Les élites n’embrayent plus sur la réalité
Un fossé a donc commencé à séparer les gens au pouvoir, dans chaque pays d’Europe et au sein des instances européennes, de la masse d’une population qui n’avait pas besoin d’avoir fait de grandes études pour comprendre que les élites n’embrayaient plus sur la réalité. Qu’elles semblaient se contenter de subir. Que chaque nouveauté n’était que l’habillage d’un recul. Il n’est donc pas étonnant que les partis qui portaient cette part de rêve de lendemains meilleurs s’en trouvent décrédibilisés. Et que l’espérance européenne se soit, pour certains, transformée en cauchemar. Si rien ne se passe, nous assisterions ainsi à des formes inédites de la dislocation du fruit des efforts de trois générations.

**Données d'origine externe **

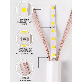 Светодиодная лента 360° это всегда отличный подарок на новый год, день рождения или другой праздник. Подойдёт для подсветки шкафов или автомобиля украсит интерьер и увеличит освещение. Такое украшение отлично подойдет как праздничная атрибутика. Неоновая лента используется для создания светящихся надписей, узоров картин или подсветки помещиний и мебели в них. Её установка не требует значительных усилий, все контакты подсоединяются через разъемы. Настенная светодиодная лента используется для украшения гостиной или комнаты, а в спальне дома можно создать романтическую обстановку. Сделать освещение более мягким в ночное время легко, если электрическая лампа будет отключена, а светодиодная лента гореть в одной или нескольких зонах. Напряжение при работе самоклеящейся ленты составляет 12V. Длина сотавляет 4 метра. Подарочный набор включает кабель питания для включения в сеть с вилкой. Светящаяся лента может устанавливаться на силикон или специальные крепления. Украсить пространство в зале позволит декор на основе светодиодной ленты. Удобный ночник в зоне кухни или коридора также легко создать при помощи неоновой подсветки. Регулировать длину можно при помощи отрезка необходимого размера, ленту можно разрезать кратно 1м СТРОГО по специальным отметкам, которые видно на просвет. Подключить штекер-разъемы легко и быстро. Диодная лента используется дома и на улице в новогодние праздники. Разнообразить дизайн, акцентировать прихожую можно также при помощи ленты. Хранение подсветки не требует много места. Красивая лестница с подсветкой или мягкий свет в ванной быстро реализовать с неоновой подсветкой. Герметичная структура ленты помещена в силиконовый чехол. Украсить авто парню, комнатные зоны быстро при помощи съемного штекера. Яркая клавиатура и светящаяся полка по контуру - идеальное сочетание в комнате геймера подростка. Безопасная светодиодная лента - отличный презент мужу, парню или папе, чтобы украсить авто или гараж. оформление помещений безопасно за счет степени пылевлагозащиты IP68 и гибкой структуры в защищенном корпусе.

Certains peuvent s’en réjouir. D’abord, parmi ceux pour lesquels cet équilibre caractéristique de l’Europe entre marché et solidarité était de toute façon trop pesant. Un handicap pour aller plus loin, plus vite, sans entraves, fut-ce au prix de l’explosion d’inégalités, qui ne seraient que dans la nature des choses.
Mais cette dislocation a aussi ses adeptes parmi ceux, à gauche comme à droite, qui sacralisent la Nation comme la borne indépassable de toute action publique légitime. Ce qu’elle était en effet devenue depuis la fin du XVIIIe siècle et surtout à partir du XIXe siècle. Soit que la Nation soit pour eux l’espace exclusif où la citoyenneté peut s’exercer pleinement, soit qu’elle soit plus simplement le seul rempart d’une identité menacée. L’alliance des deux groupes autour du concept de souveraineté pouvant, bien sûr, se faire le temps de tout casser pour exploser ensuite. Trop tard pour revenir en arrière.
Mesurer l’importance de ce qui est commun aux Européens
La question initiale posée par ce livre prend alors tout son sens. Car y répondre, y trouver une explication mais aussi une solution, une issue, c’est intervenir enfin au cœur de l’engrenage implacable qui s’est mis en place et qui broie les meilleures volontés. C’est le stopper net, réorienter la course, autrement qu’elle n’était peut-être, sans doute ; et aller de l’avant, échapper à la spirale destructrice qui semble tout happer de ce que nous avons mis des décennies à bâtir. Il ne s’agit donc pas ici d’élaborer un programme politique, mais bien, en amont, d’essayer tant qu’il en est encore temps, de comprendre comment chacun de nos pays s’est constitué. De savoir quel est notre imaginaire commun et respectif. Car d’où l’on vient indiquera où l’on va, où l’on peut aller et à quel prix, imposera des corrections qui permettront, non de disparaître, mais justement de continuer notre course parmi les nations.